Supplied data:

────

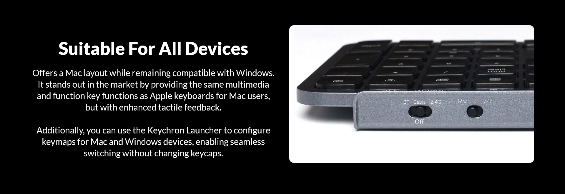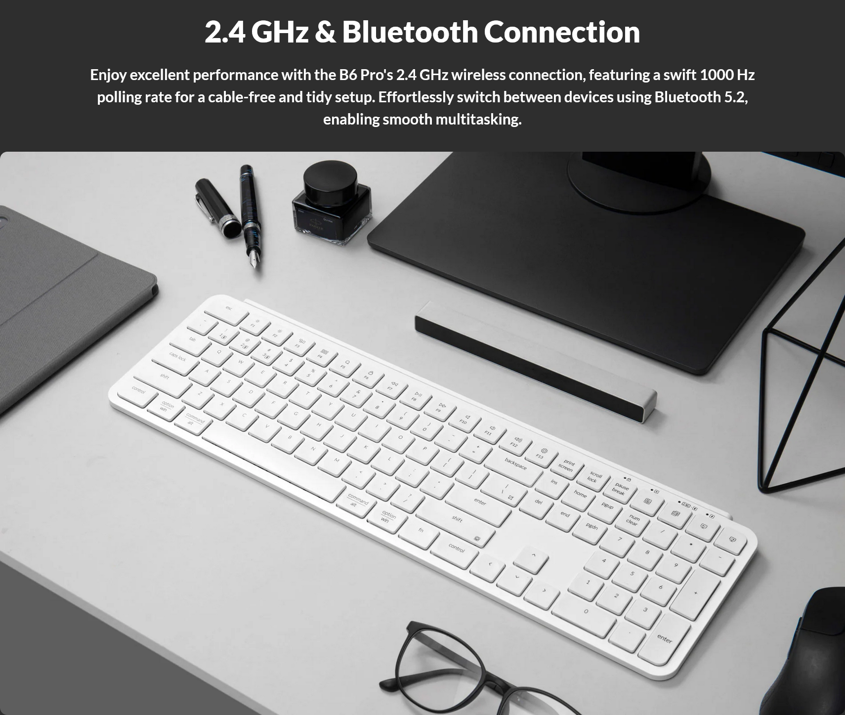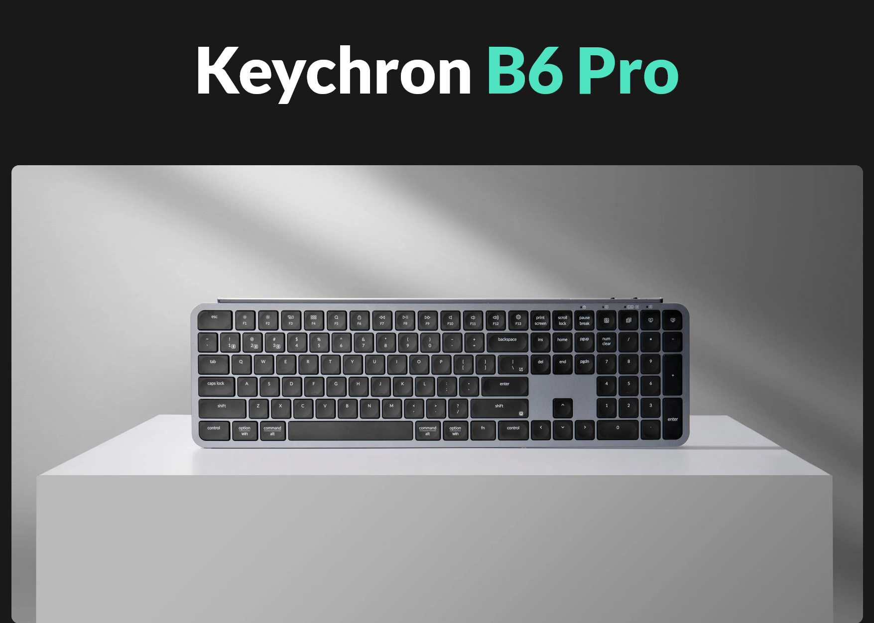 The Keychron B6 Pro is a lightweight, ultra-thin and full-size wireless keyboard with a 1,200-hour long battery life. It supports 2.4GHz wireless, Bluetooth, and wired modes, easily connecting to phones, tablets, PCs, and Macs. With ZMK customization, it offers tailored settings for home, office, or travel.
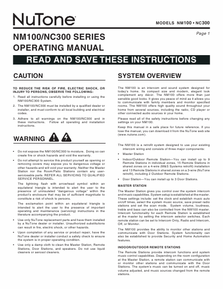 NUTONE NM100 Mode emploi Anglais
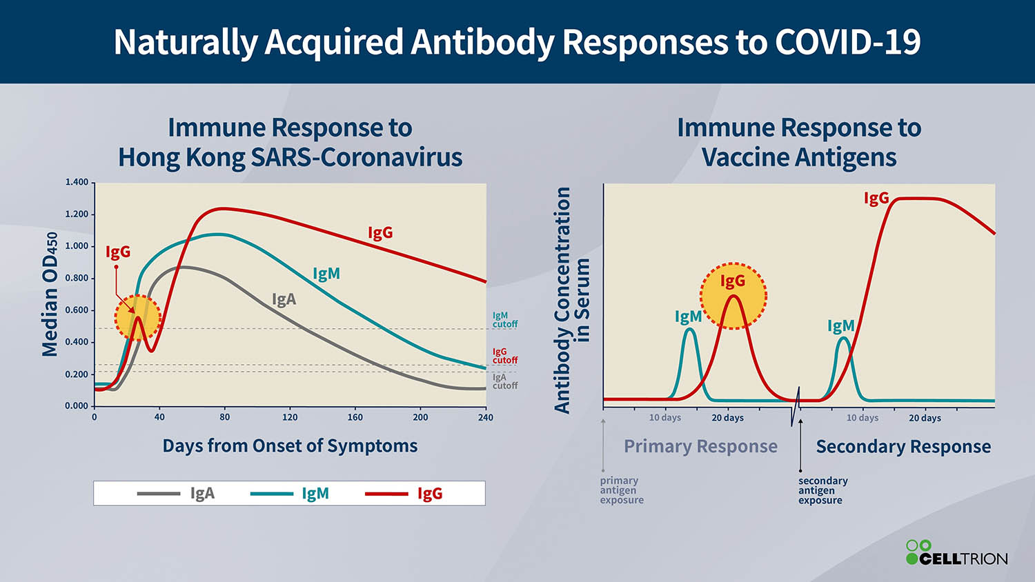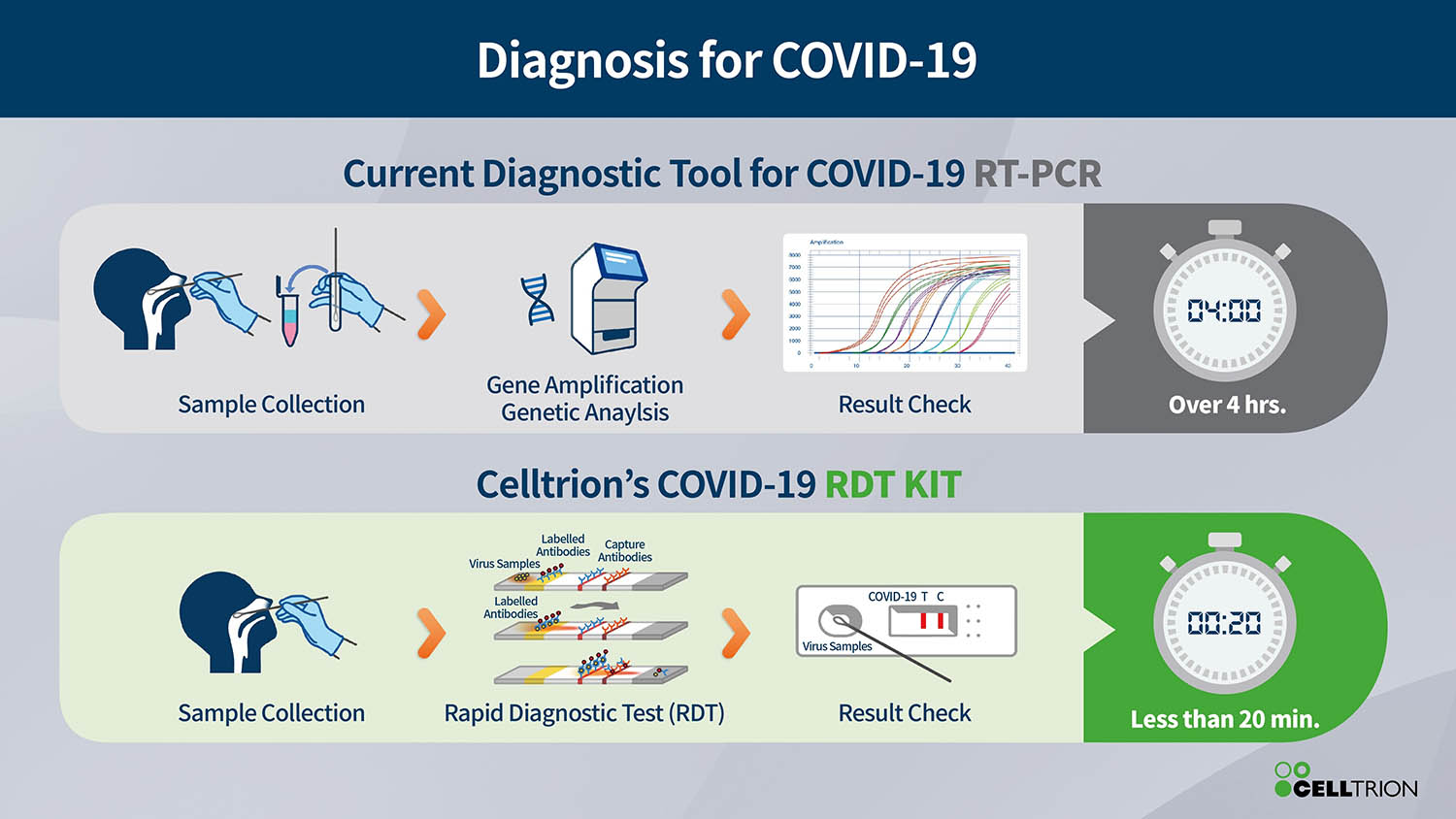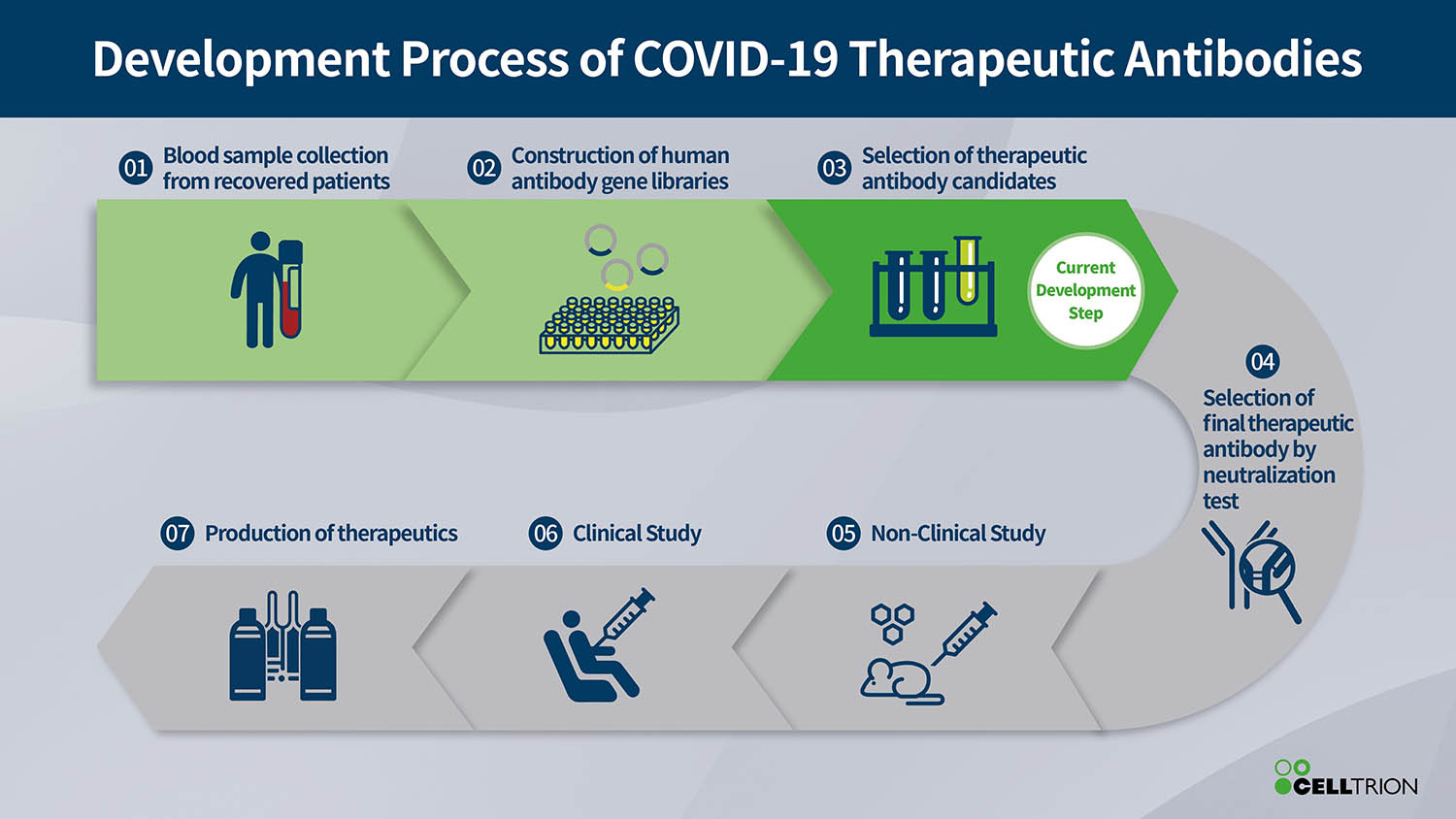 La Corea è stata uno dei primi paesi ad essere colpito dalla pandemia. Celltrion ha identificato la libreria di anticorpi prelevati dal sangue di pazienti guariti in Corea e che si ritiene siano coinvolti nella neutralizzazione del virus, potendo quindi contribuire alla guarigione dalla COVID-19. Questi anticorpi vengono sottoposti a ulteriori esami per identificare quelli che sono più efficaci nel neutralizzare il virus responsabile della COVID-19. Una volta identificati, formeranno la base del trattamento antivirale che verrà testato in sperimentazioni precliniche e cliniche in tutto il mondo nel terzo trimestre 2020.

────

What you have to do: Write the data above out again exactly, minus its pictures.

Answer below:
 The Keychron B6 Pro is a lightweight, ultra-thin and full-size wireless keyboard with a 1,200-hour long battery life. It supports 2.4GHz wireless, Bluetooth, and wired modes, easily connecting to phones, tablets, PCs, and Macs. With ZMK customization, it offers tailored settings for home, office, or travel.
 NUTONE NM100 Mode emploi Anglais
 La Corea è stata uno dei primi paesi ad essere colpito dalla pandemia. Celltrion ha identificato la libreria di anticorpi prelevati dal sangue di pazienti guariti in Corea e che si ritiene siano coinvolti nella neutralizzazione del virus, potendo quindi contribuire alla guarigione dalla COVID-19. Questi anticorpi vengono sottoposti a ulteriori esami per identificare quelli che sono più efficaci nel neutralizzare il virus responsabile della COVID-19. Una volta identificati, formeranno la base del trattamento antivirale che verrà testato in sperimentazioni precliniche e cliniche in tutto il mondo nel terzo trimestre 2020.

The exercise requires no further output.